Many in the industry are disappointed by the lack of detail in the latest consultation on the break-up of the FSA
The government has now published its plans for shaking up regulation of the financial services.
For brokers, the headline issue is probably the consultation paper’s comments on the future of the Financial Services Compensation Scheme (FSCS).
The paper moots the break up of the FSCS into a number of separate schemes. This would mean no more cross-subsidy of different classes of levy payers, which currently means for example that insurance companies are expected to bail out banks and vice versa.
The other option is to leave the scheme as a single entity, which would entail continuing the existing cross-subsidy arrangements.
The first option is likely to be favoured by brokers, given current concerns over the escalating cost of the FSCS. But what else does the paper, entitled A new approach to financial regulation, judgment, focus and stability, tell us about the future shape of financial regulation?
Greenest of the green
The paper confirms chancellor of the Exchequer George Osborne’s pledge to replace the FSA with two new bodies – the Consumer Protection and Markets Authority (CPMA) and the Prudential Regulation Authority (PRA), which will be part of the Bank of England.
But reaction to the paper’s publication has been lukewarm. Robert Peston, the BBC’s business editor quickly labelled it the “greenest of green papers”.
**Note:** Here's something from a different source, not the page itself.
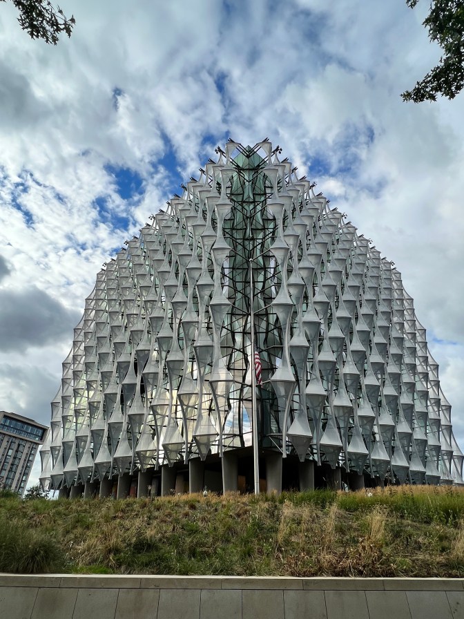Second- what is the cut out at the top corner of the building all about? This building seems literally like a square box- what’s the function that driving that form? But “covers” can be deceiving as The Broad proved. I wonder if the inside is occupied by dull- but secure- office floors or maybe an opportunity has been taken for a deeper reflective statement about state of affairs through the design. All that being said- I hope I never make it inside- a rare statement for me on this journey- because that probably means something not great has happened.

Solicitors Pinsent Mason partner Bruno Geiringer describes the absence of detail on insurance regulation in the consultation paper as “remarkable”.
This week’s consultation paper is only an interim document. Further consultation is promised in 2011, with draft legislation later in the year. Director of regulatory consulting at public affairs agency Lansons, Richard Hobbs, is pessimistic about the prospects of the legislation receiving Royal Assent before 2013.
Meet your new supervisor
For all, possibly barring the top three brokers, the paper indicates that the CPMA will be the sole regulator.
The CPMA will be responsible for the authorisation and supervision of all financial institutions not subject to the PRA’s prudential regulation.
It will also be responsible for governing the conduct of firms authorised by the PRA, meaning that it alone will have dealings with all financial services companies. As a result, the paper suggests that the CPMA should be responsible for collecting fees and levies.
The paper envisages that the CPMA will maintain the FSA’s recent and more interventionist and pre-emptive approach towards supervision.
Biba head of training and compliance Steve White is hopeful that the CPMA will adopt a more proportional approach to regulation than the FSA. “We have proven ourselves to be a low-risk sector,” he notes.
Fragmented
For insurers the picture is less clear. The prudential regulation of large insurers will come under the wing of the PRA.
It is unclear which insurers will be policed solely by the CPMA, believes financial services litigation partner at national commercial law firm Beachcroft, Dan Preddy.
“The jury is definitely still out on whether the end result of the proposed overhaul will be any less 'confused and fragmented' than the existing regime,” he says.
"The new regime is designed to address a perceived 'underlap' but brings with it the very clear risk of overlap and duplication, particularly between the PRA and CPMA.”
And these overlapping responsibilities will mean added costs, he predicts.
“The Treasury hasn't been able to measure the transitional or ongoing cost impact of the latter but 1,500 to 2,000 firms, including many small insurers, credit unions and building societies, will have to bear the additional costs of dealing with two regulators.”